Something lovely happened yesterday morning – the watcher laughed at the ego. It’s a bit of an ontological leap and there was a lot of giggling involved. (I think ontological changes could always be accompanied by laughter – that would be okay in my book.) At any rate, it is an that experience I’ve heard mentioned by Eckhart Tolle, but haven’t quite managed to have for myself – until yesterday morning.
The watcher laughed at the ego.
Let me explain. Who is the watcher? I am. Consider, in Christian terms, that the watcher is the immortal soul that dwells within this mortal coil complete with said coil’s cells, chemicals, thoughts and emotions. So the watcher isn’t the cells, chemicals, thoughts nor emotions – the watcher is perhaps integrated, but not the same substance. And yet (for arguments sake) the watcher, the immortal soul, is the seat of consciousness and self-consciousness.
Okay. So then, the watcher doesn’t think – the mortal coil does. And isn’t that an odd thing to consider – because at least in English we use the word ‘think’ far more often than its traditional definition requires… don’t you think? :) In a colloquial sense, ‘thinking’ covers contemplating, meditating, actual thought processes, believing, taking time out, creating distance, observing uncertainty, disclaiming an observation from needing to be true… and that’s just what I can come up with off the top of my head. So back to the point – the watcher doesn’t think. But the watcher is not just the seat of consciousness and self-consciousness, but also wisdom and connection with God. The watcher experiences. The watcher understands. The watcher is an intelligence that is bigger than simply thought.

Now, the average person can’t actually stop thinking on demand. I’ll grant you that the average person also doesn’t realize that they’re shooting the rapids of their thoughts all the time, a rushing river of thought and it’s so normal to them that it’s like asking a fish if it likes water. “What’s water?” the fish asks, having never experienced anything else.
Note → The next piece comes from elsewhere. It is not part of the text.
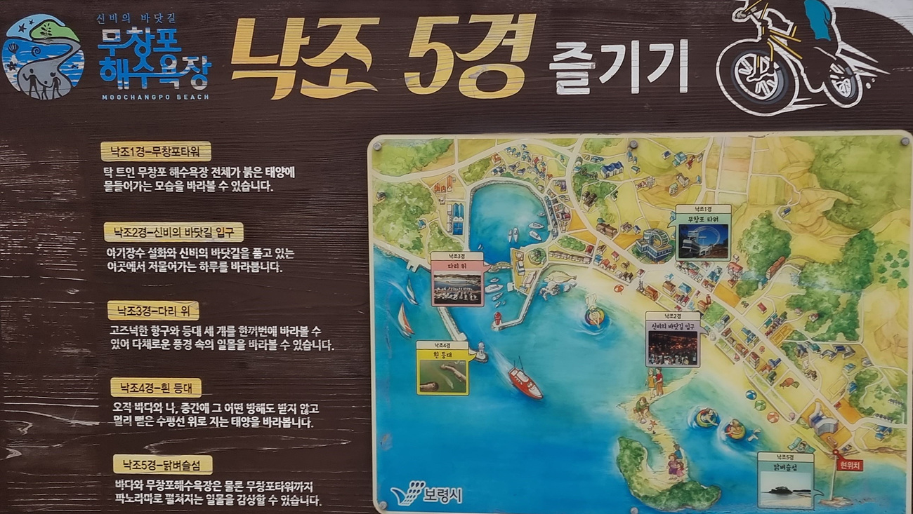 무창포해수욕장에서 낙조 5경 포인트도 있는데 낙조1경은 무창포타워, 낙조2경은 신비의 바닷길 입구, 3경 다리위, 4경은 흰등대, 5경이 이곳 닭벼슬 섬이다,

But it only takes five minutes of instruction on meditation for the average person to say their own version of the following: “Holy Macaroni! I can’t stop thinking! It’s just one thought after another and I can’t seem to stop! Is there something wrong with me?” Either that, or five minutes into it they’ve fallen asleep – their body recognizing the signal of ‘slow down’ as the only downtime they likely get: slumber.
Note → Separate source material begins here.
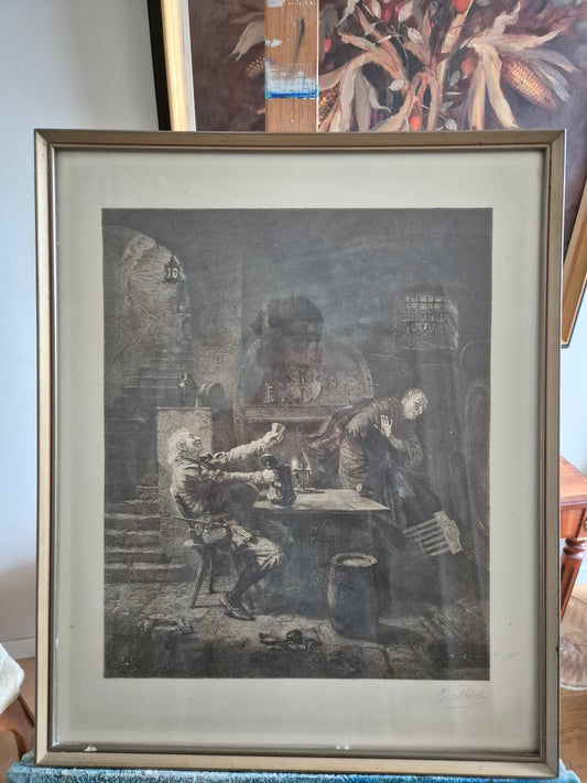 Eduard Theodor Grützner (1846-1925) Grafik Genreszene 45x55 cm

Having said that, the average person can also learn how to meditate, which is another way of saying, ‘learn how to control thought, rather than having thought control you’. It takes about three minutes to learn the basics, depending on how fast one reads, or your instructor speaks, and after meditating for a cumulative 50 hours or so, anyone can be well on their way. It’s one of those things where mastery comes over the course of a lifetime and that even though you’re sitting there doing nothing, you’re changing your entire life.
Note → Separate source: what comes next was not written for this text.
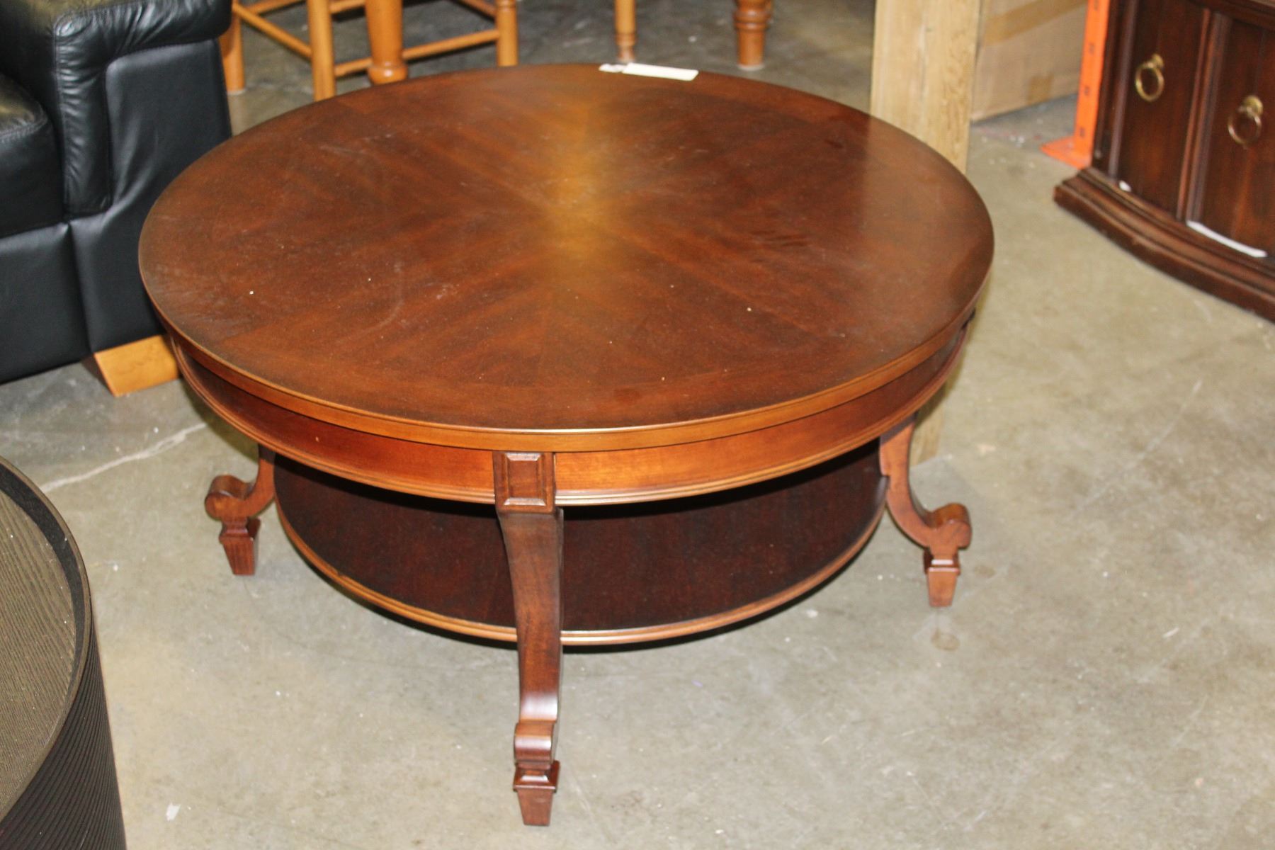 NW ROUND MODERN TWO TIER SOLID WOOD COFFEE TABLE

Why is that? Why does sitting for twenty minutes every day doing nothing and thinking nothing change your entire life? I mean, people work hard at jobs they don’t like, and maybe more than one in order to ‘change their lives’, or maybe more particularly, change the circumstances of their lives, their life situation. What does does twenty minutes of nothing have on doing so much something?
To answer that, let’s discuss the ego. Putting aside previous definitions of ego, let’s go with something more in the line of Eckhart Tolle’s definition: the ego is the illusory sense of identity that human beings adopt right out of the cradle. That is, when we identify with anything other than our immortal soul – and boy howdy can we do that in spades – we’ve expanded our egos. And you know, the ego craves fulfillment that it will never have because it already is an illusion. The endless cycle of craving and ultimate dissatisfaction… that’s ego. And the power and flexibility of our minds and thoughts in the service of the ego? Tolle calls it madness, and I completely agree.
But the mind doesn’t need to be in the service of the ego – it can be in the service of the watcher, that which we truly are, our essence, the deep wisdom that is one with God. And for that to happen… we get to decide when to think and when to turn our brain off. And when we meditate, we practice that in small doses.
And this changes everything. It is the difference between operating on a daily basis out of a place of profound and divine wisdom rather than out of a place of madness. This is the place where the miraculous occurs.
At one point in his books, Tolle points out that it’s okay to not take ourselves so very seriously. And when we have a little space, and realize what’s going on, we can laugh at the inner antics of the ego, as one might good-naturedly laugh a beloved child who is being petulant. And when we can do that, we will have experienced the difference from the intelligence that is laughing and the ego that is being petulant
And yesterday, I laughed at my ego. Actually, I giggled. It was being a silly-head, after all.